### Available data
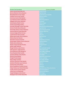 Este documento presenta una lista de 32 estudiantes con sus respectivos nombres, carreras a estudiar, universidades e planes para el futuro. La universidad con mayor número de estudiantes es la Nacional con 6, seguida de La Salle con 3. Las carreras con más estudiantes son medicina, electrónica básica y comunicación social con 3 cada una.
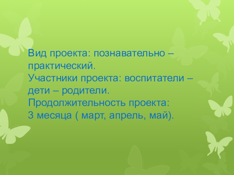 Вид проекта: познавательно – практический.
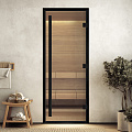 Арт. 0099129. Дверь "Хамам престиж прозрачное" в черном профиле 2100*700.

### Task prompt
Drop the pictures and copy the data exactly.

### Task response
 Este documento presenta una lista de 32 estudiantes con sus respectivos nombres, carreras a estudiar, universidades e planes para el futuro. La universidad con mayor número de estudiantes es la Nacional con 6, seguida de La Salle con 3. Las carreras con más estudiantes son medicina, electrónica básica y comunicación social con 3 cada una.
 Вид проекта: познавательно – практический.
 Арт. 0099129. Дверь "Хамам престиж прозрачное" в черном профиле 2100*700.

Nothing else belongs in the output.